ZOBACZ WIDEO: Parada sezonu? Niewykluczone. Jak on to wyjął?!
Oczywiście to nie tak, że FIFA coś sobie wymyśli i od razu jest to wprowadzone w życie. Challenge w piłce nożnej był testowany m.in. podczas ostatnich mistrzostw świata kobiet do lat 17.
FIFA chce zwrócić się do International Football Association Board (IFAB) w celu uzyskania zgody na zmianę przepisów w niedalekiej przyszłości. Jeśli będzie zielone światło, to w przyszłym roku na niektórych turniejach obecny będzie FVS (Football Video Support).
W rozmowie z ESPN potwierdził to Pierluigi Collina, który jest przewodniczącym komisji sędziowskiej FIFA. - Trenerzy będą mieć ograniczoną liczbę próśb. Stracą je, jeśli okażą się nietrafione - stwierdził Collina.

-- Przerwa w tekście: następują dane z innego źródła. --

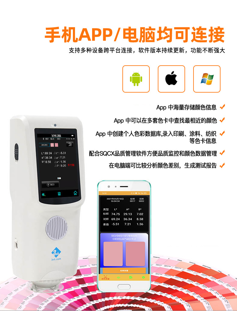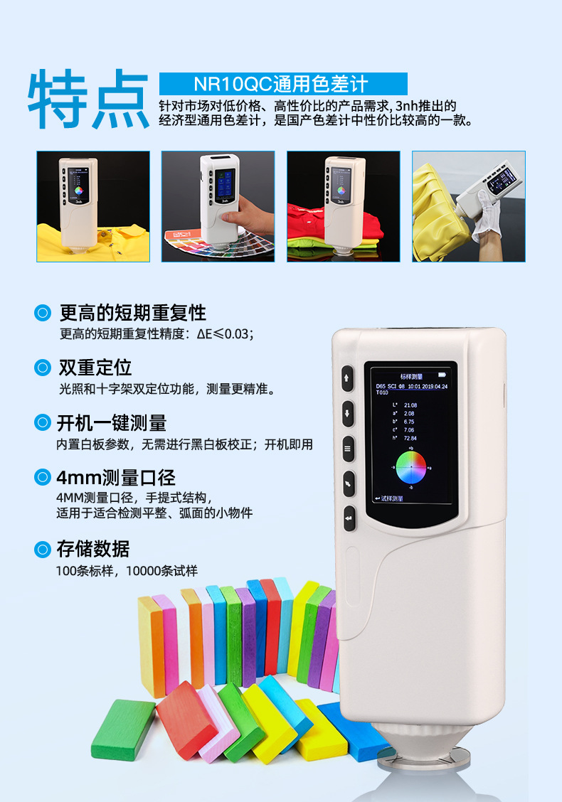 3nh Sanenshi 色差計 NR10QC ペイントプラスチックポータブル SC10 高精度分光光度計 CR8

Co istotne, będzie to narzędzie niepowiązane z VAR. Coś w rodzaju alternatywy. Trener poprosi o nową ocenę decyzji sędziego. Sędzia nie będzie wzywany do monitora przez VAR, ale zostanie poinformowany, że trener chce, by arbiter raz jeszcze obejrzał konkretny moment.
We wspomnianym źródle możemy też przeczytać, że pierwszeństwo w zastosowaniu FVS będą miały "mniejsze" ligi, których mecze pokazywane są z mniejszej liczby kamer.